NHIS data contain information on health, influences on health, and health outcomes, as well as common demographic indicators to give users the ability to examine health status, behavior, and risk factors within and across subsets of the population (such as racial and ethnic health disparities).

The major health topics covered in the Core questionnaires include health status, insurance coverage, complementary and alternative medicine, use of health services, immunizations, health behaviors, injuries, occupational health, cancer screening, ability to perform daily activities, and conditions such as asthma, diabetes, mental health. NCHS continually produces chart books, statistical briefs, and fact sheets using NHIS data which shed light on these various facets of morbidities and how the American populace behaves in response.

Periodically, the NHIS includes supplemental questionnaires regarding a focused topic that might be of particular current interest. For example, a cancer supplement was fielded in 1987, 1992, 2000, 2003, 2005, 2008, and 2010, and sponsored by the National Cancer Institute and the National Center for Chronic Disease Prevention. This supplement included questions about cancer screenings, diet, exercise, smoking, sun exposure, and family history.

Occupational supplement were fielded in 2010 and 2015, and sponsored by the National Institute for Occupational Safety and Health (NIOSH). These supplement included questions about work-related health conditions, work organization factors, and occupational psychosocial and physical/chemical exposures.

== Publications ==
The National Health Interview Survey is commonly the subject of analysis in articles on health status and health behaviors in research journals such as Obesity, Journal of the American Dietetic Association, Health Services Research, and the American Journal of Public Health.

A number of CDC reports, including Healthy People, rely on NHIS to monitor health estimates.

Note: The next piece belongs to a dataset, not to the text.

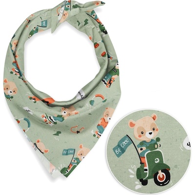 Dětský bavlněný šátek s milým dětským motivem méďů na motorkách a skateboardech na zeleném podkladu. Je ušitý z kvalitního hustě tkaného 100% bavlněného plátna s certifikátem...

The Department of Health and Human Services (HHS), Office of the Assistant Secretary for Planning and Evaluation (ASPE) tracks health insurance coverage in the United States using the NHIS.

The National Center for Health Statistics publishes periodical statistical summaries, compiling the results of the most recent NHIS and trending those statistics over time for certain groups.

NCHS/CDC also publish statistical reports on current topics of interest, and shorter data briefs. For example, NIOSH has published several peer-reviewed journal articles from the 2010 and 2015 NHIS Occupational Health Supplement results.

== Methodology ==

=== Survey design ===
Noninstitutional civilian Americans (both citizens and non-citizens) are sampled by household, allowing for analysis of medical behavior at the familial-level. After a household has been sampled, one adult and one child (if any are present) is selected to complete the Sample Adult and Sample Child components of the survey. In years without budget cuts, approximately 35,000 households containing 87,500 individuals are included.

NHIS follows a multi-stage area probability design, meaning that geographic areas – rather than unique households – are sampled first, and then within those selected areas, residences are sampled. Unlike surveys with a panel or longitudinal design, the entirety of data collected from each household occurs from a single interview lasting about an hour.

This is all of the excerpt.